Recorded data
[Start of section]

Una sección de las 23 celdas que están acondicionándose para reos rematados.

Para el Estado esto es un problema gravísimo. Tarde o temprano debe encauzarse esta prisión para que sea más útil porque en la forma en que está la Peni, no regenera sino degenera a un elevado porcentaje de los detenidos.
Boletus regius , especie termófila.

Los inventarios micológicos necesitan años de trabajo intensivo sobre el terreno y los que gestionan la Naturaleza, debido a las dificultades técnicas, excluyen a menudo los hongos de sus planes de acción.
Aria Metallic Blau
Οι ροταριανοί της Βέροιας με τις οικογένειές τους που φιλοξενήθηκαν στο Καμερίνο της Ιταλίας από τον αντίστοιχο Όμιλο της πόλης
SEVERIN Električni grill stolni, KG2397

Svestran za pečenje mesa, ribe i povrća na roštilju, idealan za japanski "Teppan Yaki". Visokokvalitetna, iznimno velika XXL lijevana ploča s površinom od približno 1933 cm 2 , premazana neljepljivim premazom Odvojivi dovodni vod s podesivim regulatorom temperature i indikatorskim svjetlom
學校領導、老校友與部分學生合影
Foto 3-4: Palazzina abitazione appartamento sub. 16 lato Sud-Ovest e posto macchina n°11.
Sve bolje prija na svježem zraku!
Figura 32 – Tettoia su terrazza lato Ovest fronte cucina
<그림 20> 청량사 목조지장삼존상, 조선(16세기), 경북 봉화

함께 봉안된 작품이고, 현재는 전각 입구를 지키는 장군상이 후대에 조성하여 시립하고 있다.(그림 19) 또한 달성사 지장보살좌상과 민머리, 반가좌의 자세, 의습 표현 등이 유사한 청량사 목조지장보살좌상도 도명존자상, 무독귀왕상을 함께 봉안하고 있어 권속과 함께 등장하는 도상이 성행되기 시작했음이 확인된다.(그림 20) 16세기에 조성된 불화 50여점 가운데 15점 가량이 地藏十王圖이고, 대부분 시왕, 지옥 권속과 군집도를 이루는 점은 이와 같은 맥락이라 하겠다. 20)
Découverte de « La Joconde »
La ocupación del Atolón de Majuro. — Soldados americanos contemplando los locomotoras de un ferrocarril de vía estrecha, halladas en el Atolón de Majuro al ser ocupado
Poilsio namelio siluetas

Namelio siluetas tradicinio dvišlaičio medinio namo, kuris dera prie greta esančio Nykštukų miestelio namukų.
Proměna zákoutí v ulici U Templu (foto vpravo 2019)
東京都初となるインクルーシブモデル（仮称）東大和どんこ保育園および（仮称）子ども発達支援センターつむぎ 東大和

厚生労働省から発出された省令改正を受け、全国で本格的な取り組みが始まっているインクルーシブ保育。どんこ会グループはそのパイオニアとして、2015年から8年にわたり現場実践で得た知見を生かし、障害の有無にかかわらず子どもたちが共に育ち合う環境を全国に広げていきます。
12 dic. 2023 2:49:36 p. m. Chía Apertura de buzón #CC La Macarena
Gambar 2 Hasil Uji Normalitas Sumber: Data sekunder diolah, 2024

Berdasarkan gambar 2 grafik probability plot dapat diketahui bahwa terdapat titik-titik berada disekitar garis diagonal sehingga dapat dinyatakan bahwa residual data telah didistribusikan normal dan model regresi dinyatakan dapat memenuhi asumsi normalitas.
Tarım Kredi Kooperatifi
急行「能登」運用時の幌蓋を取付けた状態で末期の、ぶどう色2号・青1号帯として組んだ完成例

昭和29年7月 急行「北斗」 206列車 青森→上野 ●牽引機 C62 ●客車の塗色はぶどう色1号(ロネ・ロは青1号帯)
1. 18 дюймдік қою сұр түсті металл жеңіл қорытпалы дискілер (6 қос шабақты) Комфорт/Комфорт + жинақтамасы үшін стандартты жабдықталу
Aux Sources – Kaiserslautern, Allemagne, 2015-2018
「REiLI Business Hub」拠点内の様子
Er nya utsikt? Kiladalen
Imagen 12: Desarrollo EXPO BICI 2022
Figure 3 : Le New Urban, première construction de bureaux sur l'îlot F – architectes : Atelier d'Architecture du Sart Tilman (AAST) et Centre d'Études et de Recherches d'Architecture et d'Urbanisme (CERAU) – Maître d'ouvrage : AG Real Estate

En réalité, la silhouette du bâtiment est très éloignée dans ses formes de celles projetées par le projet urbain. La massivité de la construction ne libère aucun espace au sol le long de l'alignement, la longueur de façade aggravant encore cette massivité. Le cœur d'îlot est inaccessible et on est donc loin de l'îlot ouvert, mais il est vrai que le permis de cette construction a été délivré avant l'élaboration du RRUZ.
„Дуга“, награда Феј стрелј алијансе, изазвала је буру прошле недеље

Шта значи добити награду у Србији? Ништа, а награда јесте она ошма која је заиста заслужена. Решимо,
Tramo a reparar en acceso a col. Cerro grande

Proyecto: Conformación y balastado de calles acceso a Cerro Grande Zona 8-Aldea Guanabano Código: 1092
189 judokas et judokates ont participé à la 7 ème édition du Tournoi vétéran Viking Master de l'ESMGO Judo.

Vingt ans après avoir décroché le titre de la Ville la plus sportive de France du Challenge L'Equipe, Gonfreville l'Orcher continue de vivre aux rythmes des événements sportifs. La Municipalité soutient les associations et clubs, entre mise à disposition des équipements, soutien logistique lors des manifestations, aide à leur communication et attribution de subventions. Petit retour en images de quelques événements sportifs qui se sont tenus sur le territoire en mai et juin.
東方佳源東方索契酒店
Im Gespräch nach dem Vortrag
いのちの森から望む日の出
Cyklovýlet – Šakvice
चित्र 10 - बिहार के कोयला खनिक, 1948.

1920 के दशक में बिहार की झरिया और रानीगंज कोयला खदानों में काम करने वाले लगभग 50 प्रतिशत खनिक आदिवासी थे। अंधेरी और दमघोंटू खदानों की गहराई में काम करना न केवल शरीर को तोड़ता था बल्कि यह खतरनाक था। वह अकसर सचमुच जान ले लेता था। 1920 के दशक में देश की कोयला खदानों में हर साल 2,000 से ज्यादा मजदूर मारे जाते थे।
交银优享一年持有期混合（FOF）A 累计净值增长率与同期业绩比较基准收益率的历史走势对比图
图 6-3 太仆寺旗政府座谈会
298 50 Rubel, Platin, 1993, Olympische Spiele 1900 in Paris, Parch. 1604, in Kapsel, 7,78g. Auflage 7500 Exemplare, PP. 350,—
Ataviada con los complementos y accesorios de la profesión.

[End of section]

Task prompt → Every entry is to be printed exactly as given.

Exercise result →
Una sección de las 23 celdas que están acondicionándose para reos rematados.

Para el Estado esto es un problema gravísimo. Tarde o temprano debe encauzarse esta prisión para que sea más útil porque en la forma en que está la Peni, no regenera sino degenera a un elevado porcentaje de los detenidos.
Boletus regius , especie termófila.

Los inventarios micológicos necesitan años de trabajo intensivo sobre el terreno y los que gestionan la Naturaleza, debido a las dificultades técnicas, excluyen a menudo los hongos de sus planes de acción.
Aria Metallic Blau
Οι ροταριανοί της Βέροιας με τις οικογένειές τους που φιλοξενήθηκαν στο Καμερίνο της Ιταλίας από τον αντίστοιχο Όμιλο της πόλης
SEVERIN Električni grill stolni, KG2397

Svestran za pečenje mesa, ribe i povrća na roštilju, idealan za japanski "Teppan Yaki". Visokokvalitetna, iznimno velika XXL lijevana ploča s površinom od približno 1933 cm 2 , premazana neljepljivim premazom Odvojivi dovodni vod s podesivim regulatorom temperature i indikatorskim svjetlom
學校領導、老校友與部分學生合影
Foto 3-4: Palazzina abitazione appartamento sub. 16 lato Sud-Ovest e posto macchina n°11.
Sve bolje prija na svježem zraku!
Figura 32 – Tettoia su terrazza lato Ovest fronte cucina
<그림 20> 청량사 목조지장삼존상, 조선(16세기), 경북 봉화

함께 봉안된 작품이고, 현재는 전각 입구를 지키는 장군상이 후대에 조성하여 시립하고 있다.(그림 19) 또한 달성사 지장보살좌상과 민머리, 반가좌의 자세, 의습 표현 등이 유사한 청량사 목조지장보살좌상도 도명존자상, 무독귀왕상을 함께 봉안하고 있어 권속과 함께 등장하는 도상이 성행되기 시작했음이 확인된다.(그림 20) 16세기에 조성된 불화 50여점 가운데 15점 가량이 地藏十王圖이고, 대부분 시왕, 지옥 권속과 군집도를 이루는 점은 이와 같은 맥락이라 하겠다. 20)
Découverte de « La Joconde »
La ocupación del Atolón de Majuro. — Soldados americanos contemplando los locomotoras de un ferrocarril de vía estrecha, halladas en el Atolón de Majuro al ser ocupado
Poilsio namelio siluetas

Namelio siluetas tradicinio dvišlaičio medinio namo, kuris dera prie greta esančio Nykštukų miestelio namukų.
Proměna zákoutí v ulici U Templu (foto vpravo 2019)
東京都初となるインクルーシブモデル（仮称）東大和どんこ保育園および（仮称）子ども発達支援センターつむぎ 東大和

厚生労働省から発出された省令改正を受け、全国で本格的な取り組みが始まっているインクルーシブ保育。どんこ会グループはそのパイオニアとして、2015年から8年にわたり現場実践で得た知見を生かし、障害の有無にかかわらず子どもたちが共に育ち合う環境を全国に広げていきます。
12 dic. 2023 2:49:36 p. m. Chía Apertura de buzón #CC La Macarena
Gambar 2 Hasil Uji Normalitas Sumber: Data sekunder diolah, 2024

Berdasarkan gambar 2 grafik probability plot dapat diketahui bahwa terdapat titik-titik berada disekitar garis diagonal sehingga dapat dinyatakan bahwa residual data telah didistribusikan normal dan model regresi dinyatakan dapat memenuhi asumsi normalitas.
Tarım Kredi Kooperatifi
急行「能登」運用時の幌蓋を取付けた状態で末期の、ぶどう色2号・青1号帯として組んだ完成例

昭和29年7月 急行「北斗」 206列車 青森→上野 ●牽引機 C62 ●客車の塗色はぶどう色1号(ロネ・ロは青1号帯)
1. 18 дюймдік қою сұр түсті металл жеңіл қорытпалы дискілер (6 қос шабақты) Комфорт/Комфорт + жинақтамасы үшін стандартты жабдықталу
Aux Sources – Kaiserslautern, Allemagne, 2015-2018
「REiLI Business Hub」拠点内の様子
Er nya utsikt? Kiladalen
Imagen 12: Desarrollo EXPO BICI 2022
Figure 3 : Le New Urban, première construction de bureaux sur l'îlot F – architectes : Atelier d'Architecture du Sart Tilman (AAST) et Centre d'Études et de Recherches d'Architecture et d'Urbanisme (CERAU) – Maître d'ouvrage : AG Real Estate

En réalité, la silhouette du bâtiment est très éloignée dans ses formes de celles projetées par le projet urbain. La massivité de la construction ne libère aucun espace au sol le long de l'alignement, la longueur de façade aggravant encore cette massivité. Le cœur d'îlot est inaccessible et on est donc loin de l'îlot ouvert, mais il est vrai que le permis de cette construction a été délivré avant l'élaboration du RRUZ.
„Дуга“, награда Феј стрелј алијансе, изазвала је буру прошле недеље

Шта значи добити награду у Србији? Ништа, а награда јесте она ошма која је заиста заслужена. Решимо,
Tramo a reparar en acceso a col. Cerro grande

Proyecto: Conformación y balastado de calles acceso a Cerro Grande Zona 8-Aldea Guanabano Código: 1092
189 judokas et judokates ont participé à la 7 ème édition du Tournoi vétéran Viking Master de l'ESMGO Judo.

Vingt ans après avoir décroché le titre de la Ville la plus sportive de France du Challenge L'Equipe, Gonfreville l'Orcher continue de vivre aux rythmes des événements sportifs. La Municipalité soutient les associations et clubs, entre mise à disposition des équipements, soutien logistique lors des manifestations, aide à leur communication et attribution de subventions. Petit retour en images de quelques événements sportifs qui se sont tenus sur le territoire en mai et juin.
東方佳源東方索契酒店
Im Gespräch nach dem Vortrag
いのちの森から望む日の出
Cyklovýlet – Šakvice
चित्र 10 - बिहार के कोयला खनिक, 1948.

1920 के दशक में बिहार की झरिया और रानीगंज कोयला खदानों में काम करने वाले लगभग 50 प्रतिशत खनिक आदिवासी थे। अंधेरी और दमघोंटू खदानों की गहराई में काम करना न केवल शरीर को तोड़ता था बल्कि यह खतरनाक था। वह अकसर सचमुच जान ले लेता था। 1920 के दशक में देश की कोयला खदानों में हर साल 2,000 से ज्यादा मजदूर मारे जाते थे।
交银优享一年持有期混合（FOF）A 累计净值增长率与同期业绩比较基准收益率的历史走势对比图
图 6-3 太仆寺旗政府座谈会
298 50 Rubel, Platin, 1993, Olympische Spiele 1900 in Paris, Parch. 1604, in Kapsel, 7,78g. Auflage 7500 Exemplare, PP. 350,—
Ataviada con los complementos y accesorios de la profesión.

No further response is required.